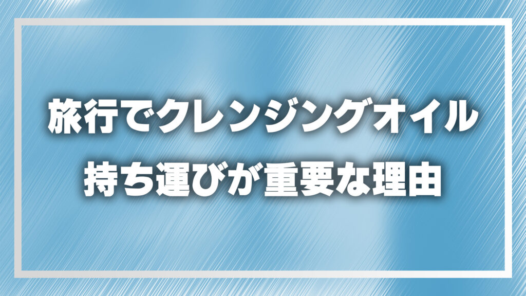 旅行先では気候の変化や環境の違いで肌が敏感になりがちです。そんなときこそ、普段から使い慣れたクレンジングオイルの出番!新しい製品を試すリスクを避けて、肌トラブルを未然に防げます。
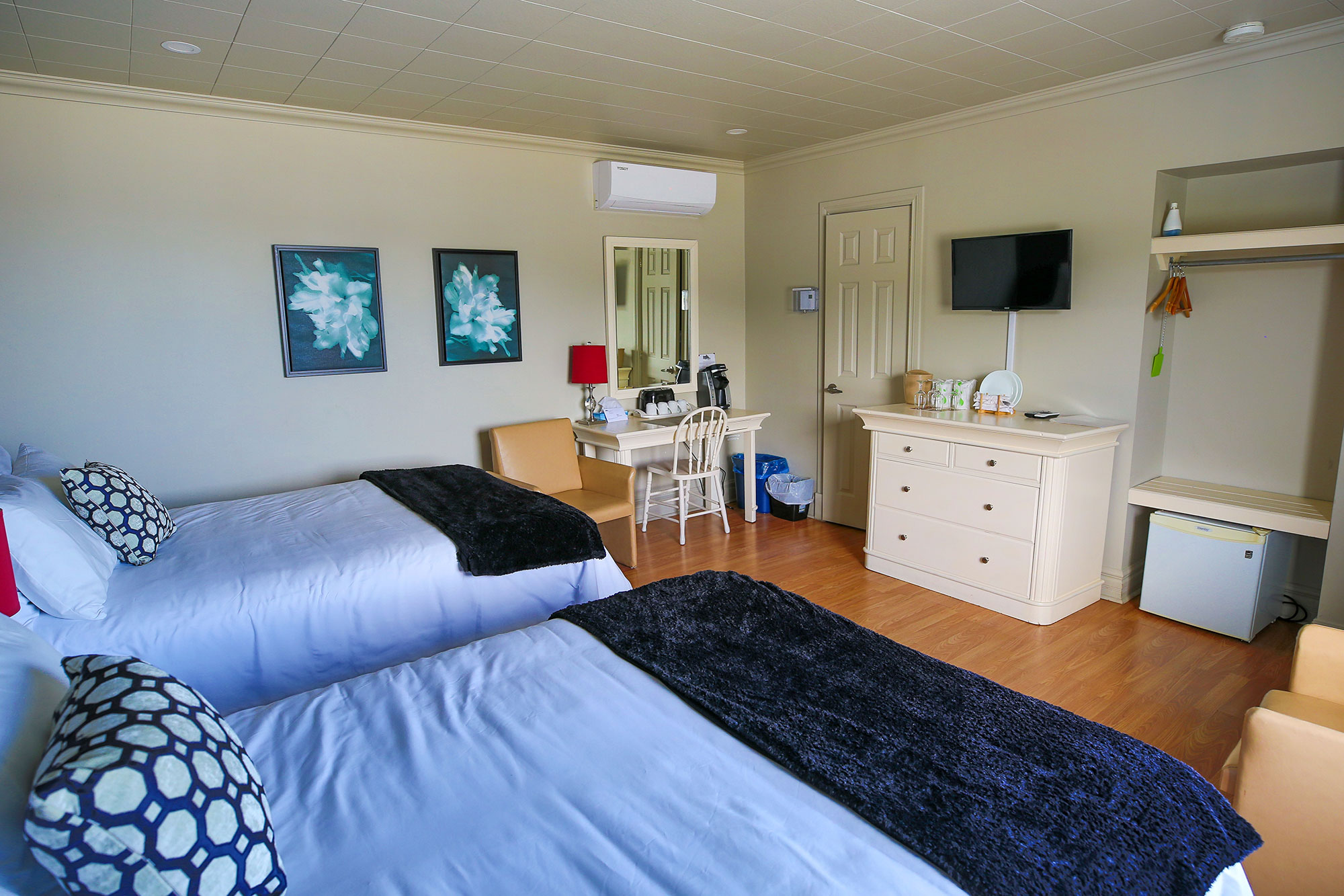 Belle chambre pouvant accueillir jusqu’à 4 personnes avec 2 lits double et vue sur la baie. Elle comprend un réfrigérateur, une cafetière et une télévision. La salle de bain complète offre les produits de bain essentiels ainsi qu’un sèche-cheveu.
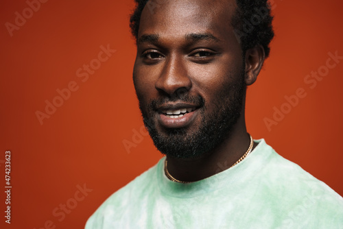 Young black man with beard smiling and looking at camera
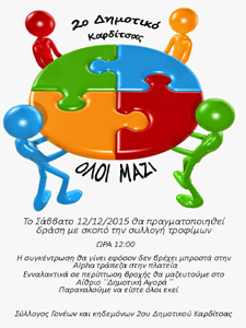 Θα πραγματοποιήσουμε μια δράση σαν 2ο Δημοτικό σχολείο Καρδίτσας το Σάββατο 12 Δεκεμβρίου 2015. Όνομα Δράσης: ”ΟΛΟΙ ΜΑΖΙ”. Αντικείμενο: Εκστρατεία συλλογής τροφίμων με σκοπό την ενίσχυση των συσσιτίων της πόλης μας. Σημείο συγκέντρωσης: Εάν δεν βρέχει, στην τράπεζα Alpha, στην Πλατεία. Σε περίπτωση που ο καιρός είναι άσχημος, θα συγκεντρωθούμε στο αίθριο ”δημοτική αγορά” Ώρα …
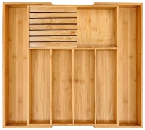 Generic - منظم ادوات المائدة الفضية من الخيزران - صينية درج قابلة للتوسيع مع حامل سكاكين قابل للازالة ومقصورات مقسمة لادوات المائدة والملاعق والشوك والسكاكين في تخزين المطبخ
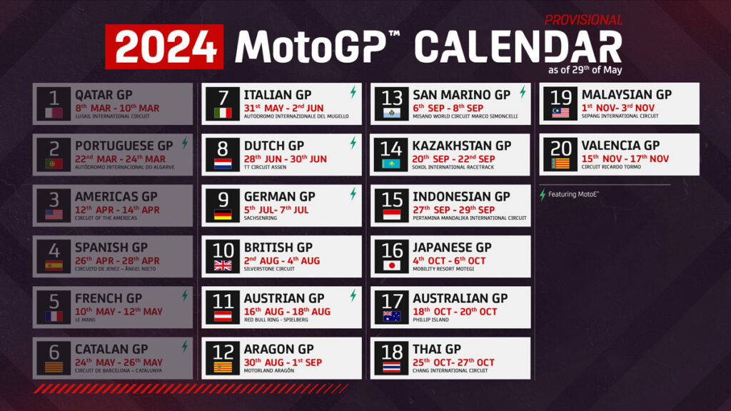 Por otro lado FIM, Dorna e IRTA anunciaron que el Gran Premio de la India no se celebrará en 2024, ya que la categoría reina pospuso dicha fecha para el próximo año, debido a la consideraciones operativas.
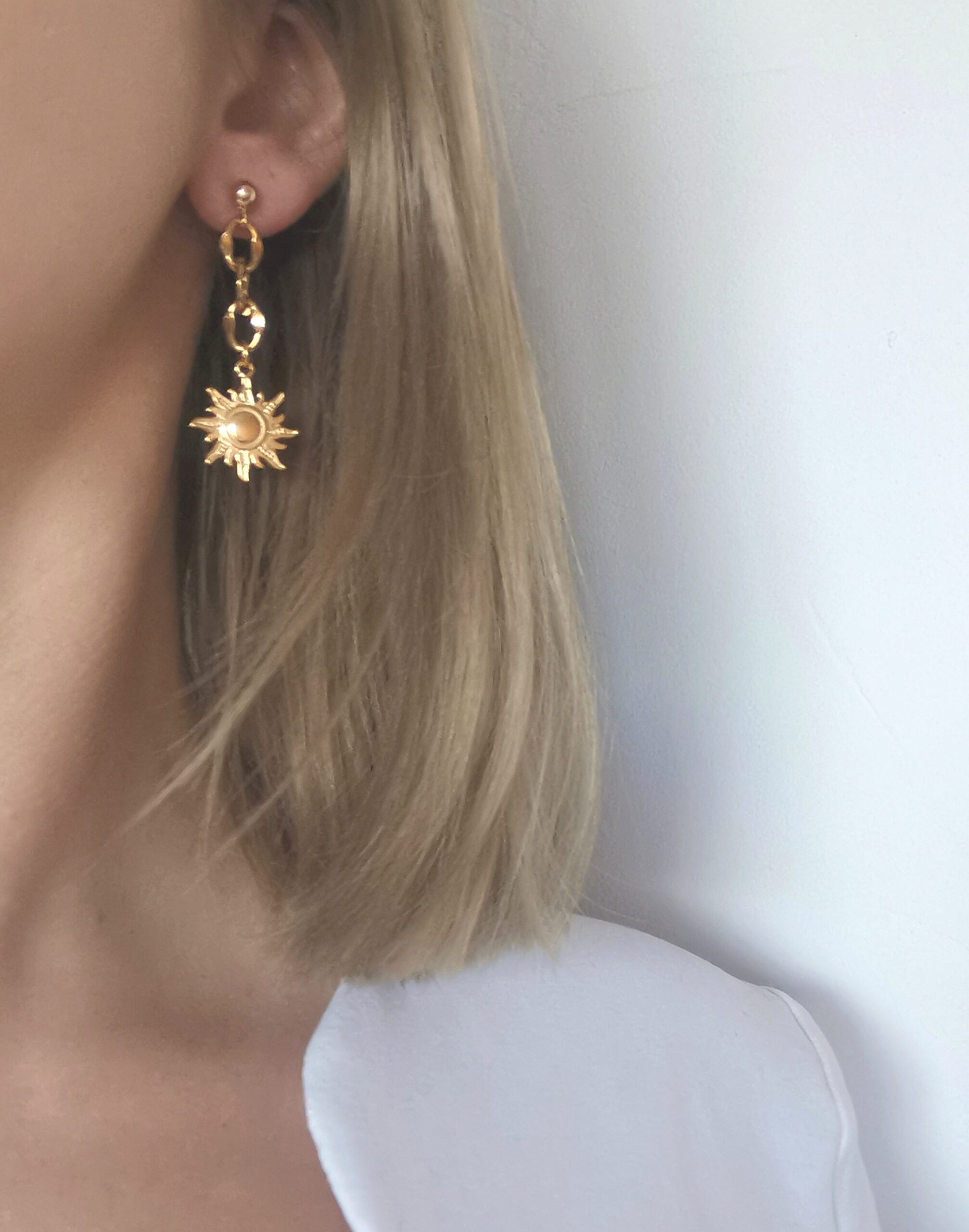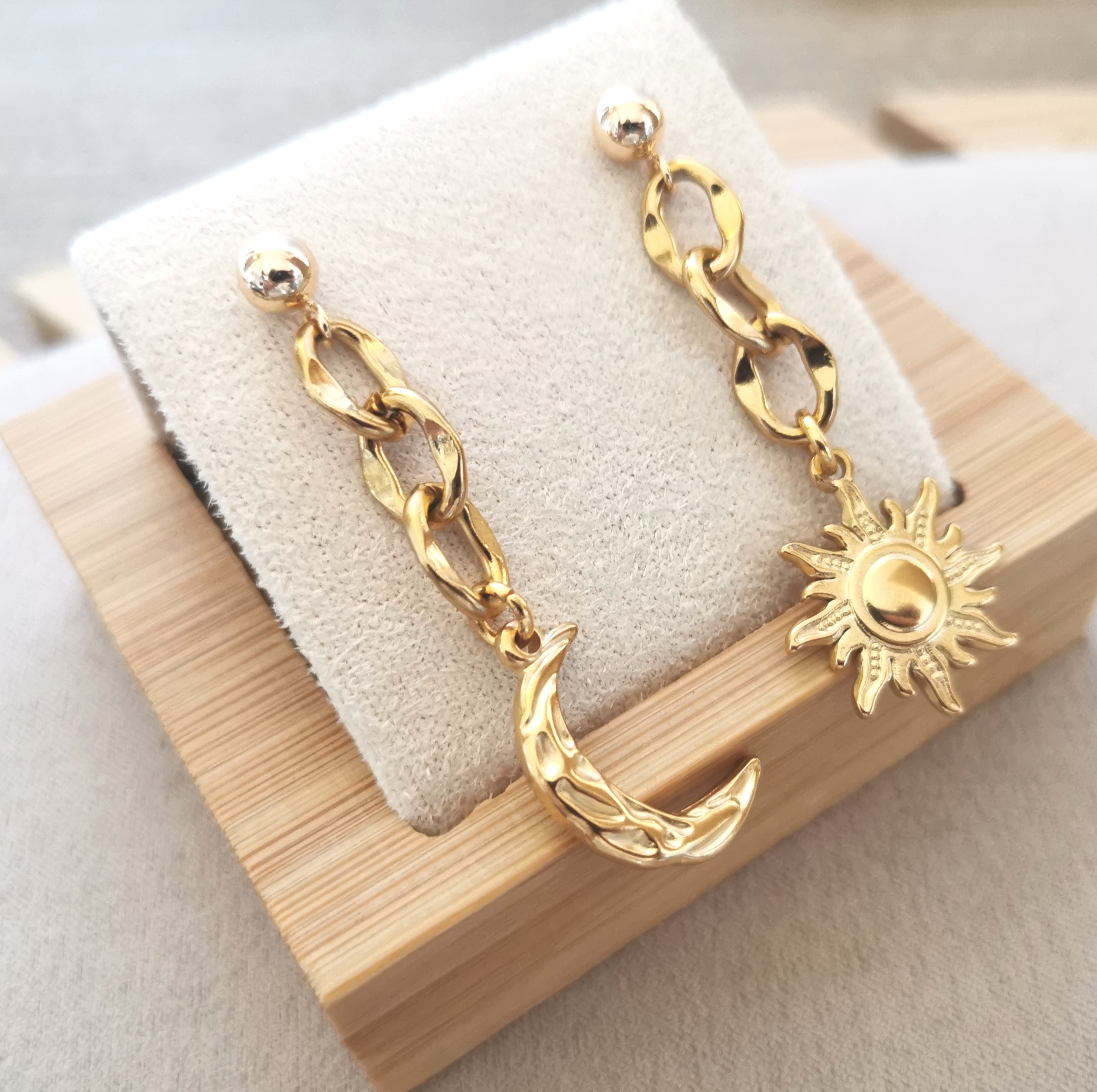 Boucles d’oreilles « Astres ». Clous d’oreilles plaqués or, et maillons et pendentifs (une lune sur une boucle et un soleil sur l’autre) en acier inoxydable.

☆ ☆ ☆

--- What needs to be done ---
Repeat the records word for word. Leave out whatever pictures they hold.

--- Finished exercise ---
 旅行先では気候の変化や環境の違いで肌が敏感になりがちです。そんなときこそ、普段から使い慣れたクレンジングオイルの出番!新しい製品を試すリスクを避けて、肌トラブルを未然に防げます。
 Belle chambre pouvant accueillir jusqu’à 4 personnes avec 2 lits double et vue sur la baie. Elle comprend un réfrigérateur, une cafetière et une télévision. La salle de bain complète offre les produits de bain essentiels ainsi qu’un sèche-cheveu.
 Young black man with beard smiling and looking at camera
 Θα πραγματοποιήσουμε μια δράση σαν 2ο Δημοτικό σχολείο Καρδίτσας το Σάββατο 12 Δεκεμβρίου 2015. Όνομα Δράσης: ”ΟΛΟΙ ΜΑΖΙ”. Αντικείμενο: Εκστρατεία συλλογής τροφίμων με σκοπό την ενίσχυση των συσσιτίων της πόλης μας. Σημείο συγκέντρωσης: Εάν δεν βρέχει, στην τράπεζα Alpha, στην Πλατεία. Σε περίπτωση που ο καιρός είναι άσχημος, θα συγκεντρωθούμε στο αίθριο ”δημοτική αγορά” Ώρα …
 Generic - منظم ادوات المائدة الفضية من الخيزران - صينية درج قابلة للتوسيع مع حامل سكاكين قابل للازالة ومقصورات مقسمة لادوات المائدة والملاعق والشوك والسكاكين في تخزين المطبخ
 Por otro lado FIM, Dorna e IRTA anunciaron que el Gran Premio de la India no se celebrará en 2024, ya que la categoría reina pospuso dicha fecha para el próximo año, debido a la consideraciones operativas.
 Boucles d’oreilles « Astres ». Clous d’oreilles plaqués or, et maillons et pendentifs (une lune sur une boucle et un soleil sur l’autre) en acier inoxydable.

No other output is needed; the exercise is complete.